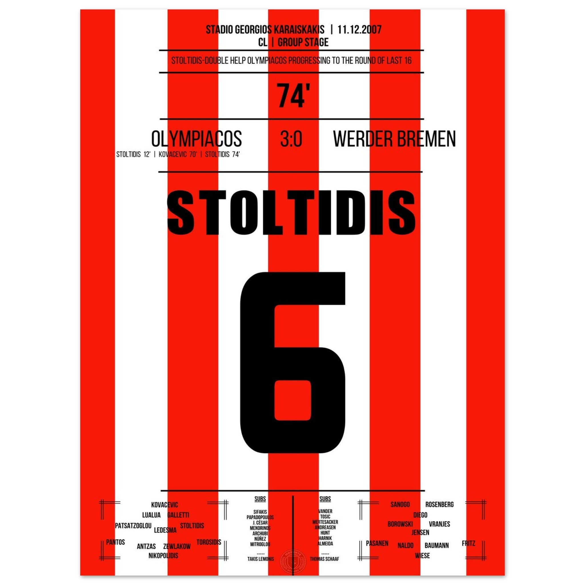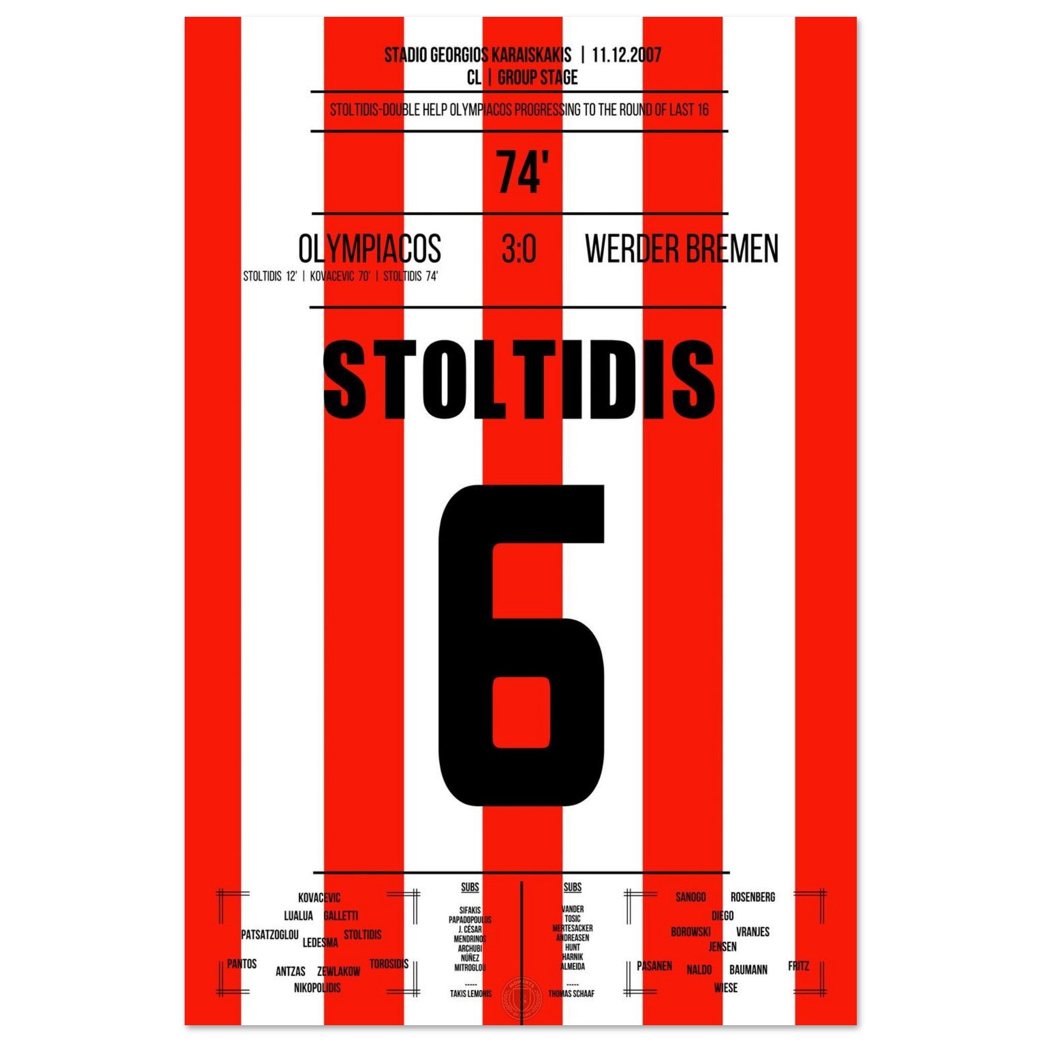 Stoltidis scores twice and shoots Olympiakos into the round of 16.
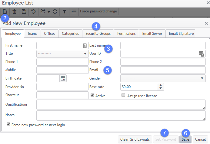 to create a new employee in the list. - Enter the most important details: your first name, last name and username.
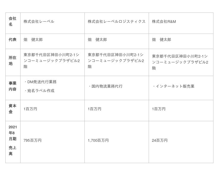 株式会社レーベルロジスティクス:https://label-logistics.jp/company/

#### EXERCISE GOAL
Could you write out exactly the lines from the line containing "to create a" to the end of the material, and nothing else? No pictures belong in the copy.

#### FINAL ANSWER
 to create a new employee in the list. - Enter the most important details: your first name, last name and username.
 株式会社レーベルロジスティクス:https://label-logistics.jp/company/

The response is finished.